The second political number, “Hell Broke Luce,” is the most challenging, and engaging, track on the record. Equal parts blues stomp, field holler, and military march, the pastiche is a dispatch from the frontlines of war. Waits doesn’t shy from addressing the innate absurdity of war, and makes no bones about depicting the horror in appropriately profane terms: “Listen to the general, every goddamn word/How many ways can you polish up a turd?” Rumor is, the song was inspired by Jeff Lucey, a U.S. Marine who returned to America from combat in Iraq only to commit suicide. The industrial rattle of melodies and instruments competing for dominance make for an unsettling listen, with Waits sounding like Old Scratch reversing the tides of damnation, unleashing his hordes on the world. Now it may be a coincidence, but an interrupting tuba solo amid the bedlam can’t help but be reminiscent Waits’s own “God’s Away on Business;” is the message here that when God’s away, the Devil will play?

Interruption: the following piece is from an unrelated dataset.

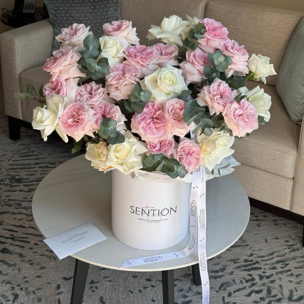 Ces charmantes fleurs en boîte sont une solution élégante et stylée pour toute occasion. L'arrangement comprend 20 roses Ohara parfumées d'un rose délicat, 10 roses françaises d'un blanc immaculé et 10 brins d'eucalyptus frais. Les couleurs et les textures harmonieuses en font un arrangement-cadeau idéal, qui surprendra et ravira à coup sûr tout destinataire.

Following such a tour of chaos, the morning-after feel of “New Year’s Eve” is a bit of a letdown. That being said, it’s not a poor song, depicting a dysfunctional family’s festivities as another year draws to close, but it fails to move with the same gravitas as the best Waits closers—“That Feel,” “Come on up to the House,” and “The Day After Tomorrow.” This boils down to personal taste, but bonus song “Tell Me”—with its pondering of the mundane and spaghetti western guitar lines—would have been a more suitable and rewarding capstone.

All told, the album straddles that delicate line of breaking new ground while acknowledging the past, making it Waits’s most accessible album in more than a decade.